# Still showing high levels of nitrite



## logans (Apr 1, 2006)

Still trying to get Nitrites down. I have had my tank for about 6 weeks now. I am now at the point in the cycle where there is no ammonia but the nitrites are spiking. I have been getting all sorts of conflicting info on what I need to do.

I have been told by some to do a massive water change. I have been told by someone else that I should not do a water change becuause that will just slow down the process of the cycle and I should just let it finish its course. I have been told by others that I can just ad AmQuel and that will detoxify the nitrites. I have been told by someone else that by adding AmQuel I am just preventing the cycle from continuing to the next stage by detoxifying it and preventing the needed bacteria growth. And that I should not add any AmQuel. I was told by someone else to ad bio spira which will make the tank immediately safe for the fish and speed up the cycle.

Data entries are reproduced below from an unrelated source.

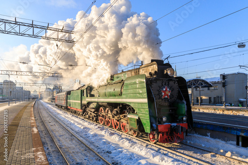 © miklyxa, Obraz premium stary czarny parowóz w Rosji zimą na tle moskiewskiego dworca kolejowego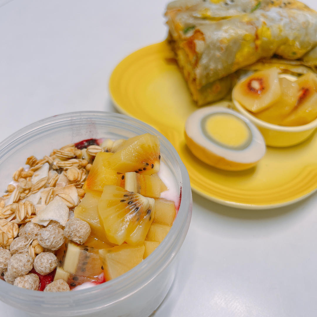 今天吃不~ 煎饼+ 酸奶碗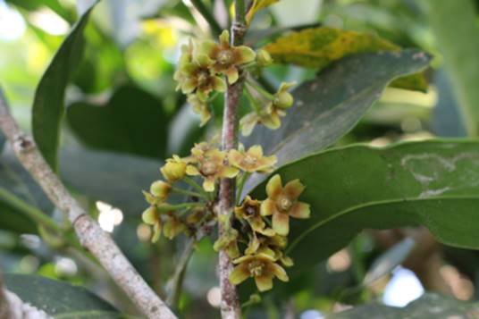 Características: Arvore de médio a grande porte, e mais raramente um cipó quando na mata, atingindo 4 a 8 metros de altura com copa arredondada e densa, com folhagem verde escura e perene. O tronco é curto e cilíndrico, com casca quase lisa e de coloração creme esbranquiçado. As folhas são opostas ou subopostas, simples, glabras (sem pelos) em ambas as faces, de textura coriácea (grossa como couro) e discolores (com 2 cores, esbranquiçada por baixo). O limbo ou tecido foliar tem forma elíptica (com mesma largura da base ao ápice), medindo 8 a 16 cm de comprimento por 3 a 6 cm de largura, com base e ápice arredondado; fixada sob pecíolo de 0,4 a 1,6 cm de comprimento. As flores são hermafroditas e nascem em fascículos (pequenos feixes) axilares (nasce nos nós maduros e desfolhados) com 12 a 30 flores de 7 a 11 mm de comprimento de cor creme esverdeada. Os frutos são bagas arredondadas, com 3 a 4,5 cm de comprimento por 3 a 5 cm de largura, com casca amarelada e mais freqüentemente alaranjada com 3 a 5 mm de espessura, envolvendo 4 a 8 sementes oblongas (mais longa que larga), envoltas por arilo cremoso de cor branca e muito doce.

I did go to the pet store seeking out bio spira. They didn't have any but the lady there directed me to a bottle of Cycle that she says she uses that works good for her. It explains on the bottle that it adds nitrifying bacteria that speeds up the cycle, helps eliminate nitrates and ammonia, and makes the tank environment less stressful when adding new fish. I added the Cycle last night, just checked the nitrites again tonigh still showng abut 4 or 5 ppm. 

Not sure what to do at this point, do I do a water change, do I add AmQuel, do I not add AmQuel, do I do nothing and just let things take their course?
Fish seem to be doing fine but I am worried about the ongoing high level of nitrites. Tank has been showing this level of nitrites for at least a week now. I was adding AmQuel every couple of days but since stopped based on advice given not to add it (as mentioned earlier in this post)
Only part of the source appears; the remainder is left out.